Remember that like charges repel. An ever-increasing negative net charge within the wire will more and more strongly repel new incoming negative charges (electrons e.g.). Soon the net charge is large enough and with a repulsion large enough to balance out the battery voltage. Then no more charges will enter, and the current will stop entirely. Since this does not happen in wires at steady state conditions in working circuits - since we clearly see that the current does not stop flowing - then all charges that enter must also be leaving each second. This is a part of Kirchhoff's current law.

You are correct, though, that charges may lose kinetic energy as heat while flowing through. They will as a result indeed slow down.

  • The next-coming charges will then have to "wait". They will "queue up" behind the slowed-down charges. In a split second all following charges will thus have slowed down to the same (drift) speed.

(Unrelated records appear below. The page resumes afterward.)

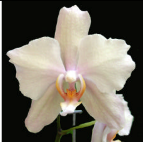
Photograph by Svetlana Kot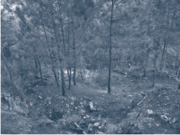
THE PHILIPPINES THE ITOGON PROJECT IS LOCATED WITHIN AN INTERNATIONALLY RENOWNED GOLD AND COPPER MINING DISTRICT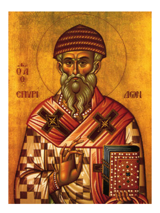
SUNDAY, DECEMBER 12, 2021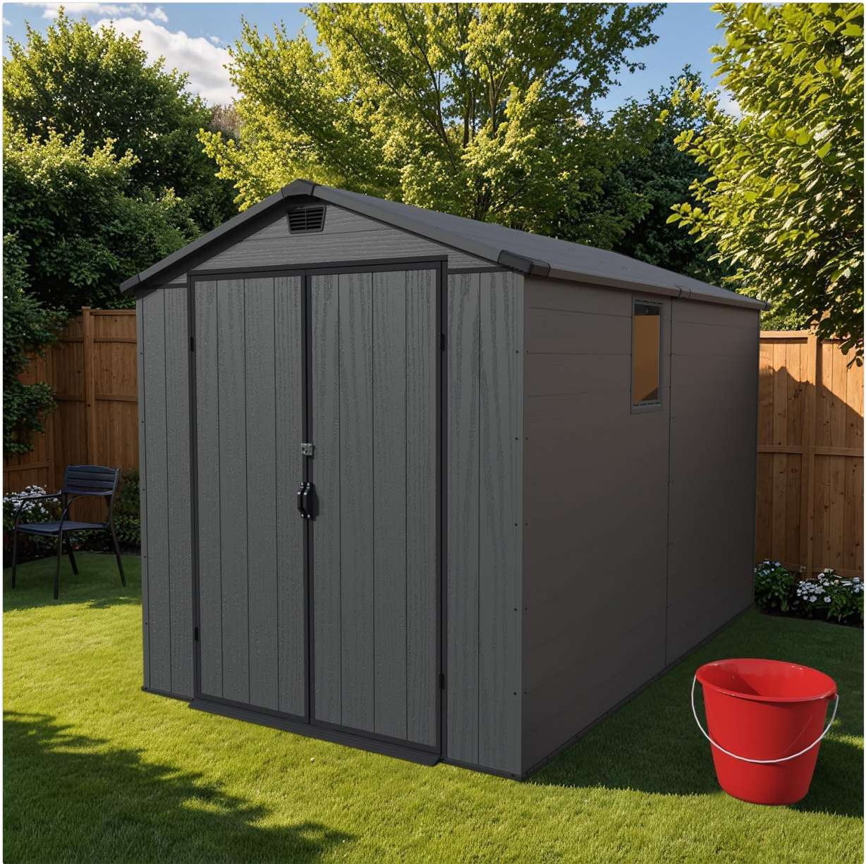
Image 4.1: Assembled Patiowell storage shed in an outdoor setting.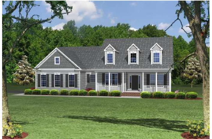
ELEVATION A2 SHOWN W. OPTIONAL SIDE LOAD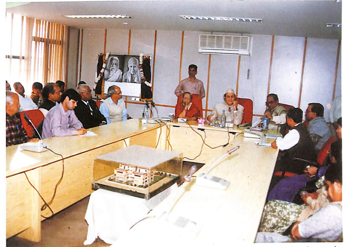
Dr. Karan Singh delivering his lectures in the conference room after unveiling the photos of Shri Aurovindo & Shri Mother.

Hon'ble Ex-Education Minister Dr. Karan Singh visited Rashtriya Sanskrit Sansthan, New Delhi on 27th March 2001. In his honour, the photos of Shri Aurobindo & Shri Mother were unveiled in the Conference Room by Dr. Karan Singh, a book consisting of 102 bio-dates of Honoured Sanskrit Scholars during Vidwat Samman Samaroh (Held on 28 March 2001) were inaugurated by Hon'ble Dr. Karan Singh on this remarkable day.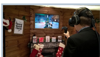
Christmas with intu at the Victoria Centre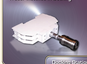
Docking Station and wire lead adapter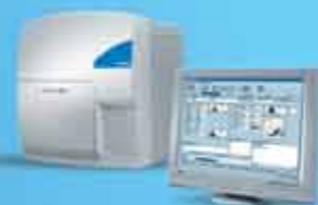
ABX Pentra 60 C+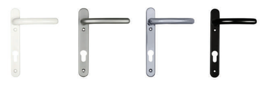
LEVER LEVER - STANDARD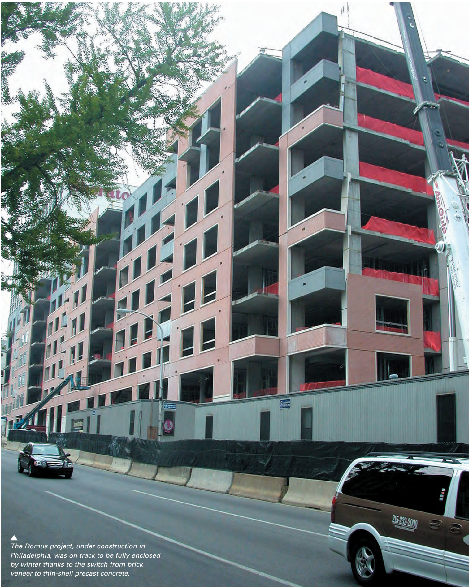
▲ The Domus project, under construction in Philadelphia, was on track to be fully enclosed by winter thanks to the switch from brick veneer to thin-shell precast concrete.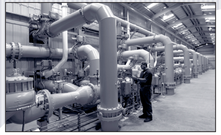
Casitas invests extensively to maintain its infrastructure. For example, Casitas recently replaced many of its aging pumps and upgraded its pumping facilities at a cost of more than $2 million.

Casitas Municipal Water District faced escalating fish passage facility, maintenance, and water conservation costs this year. The Board met throughout May and June to creatively tackle these costs concerns. The Board supported strategic cost savings to try and keep water revenue increases to roughly nine percent or under for the 2006-07 fiscal year.

  • In front of the slowed down charges, we could imagine the leading charges continuing ahead at higher speed. A gap would form behind them and in front of the slowed-down charges. But these leaving charges now do not "feel" the same "push" from behind. So what keeps them flowing at high (drift) speed? Any disturbance that slows them down will bring them down to the same slower speed as the slowed-down charges have reached. Also, the "gap" behind them will be a spot of less negative charge, thus a spot that they are attracted to. Such attraction from behind will also slow them down. Plenty of factors will thus eventually cause any leading faster-moving charges to slow down and match the speed as well.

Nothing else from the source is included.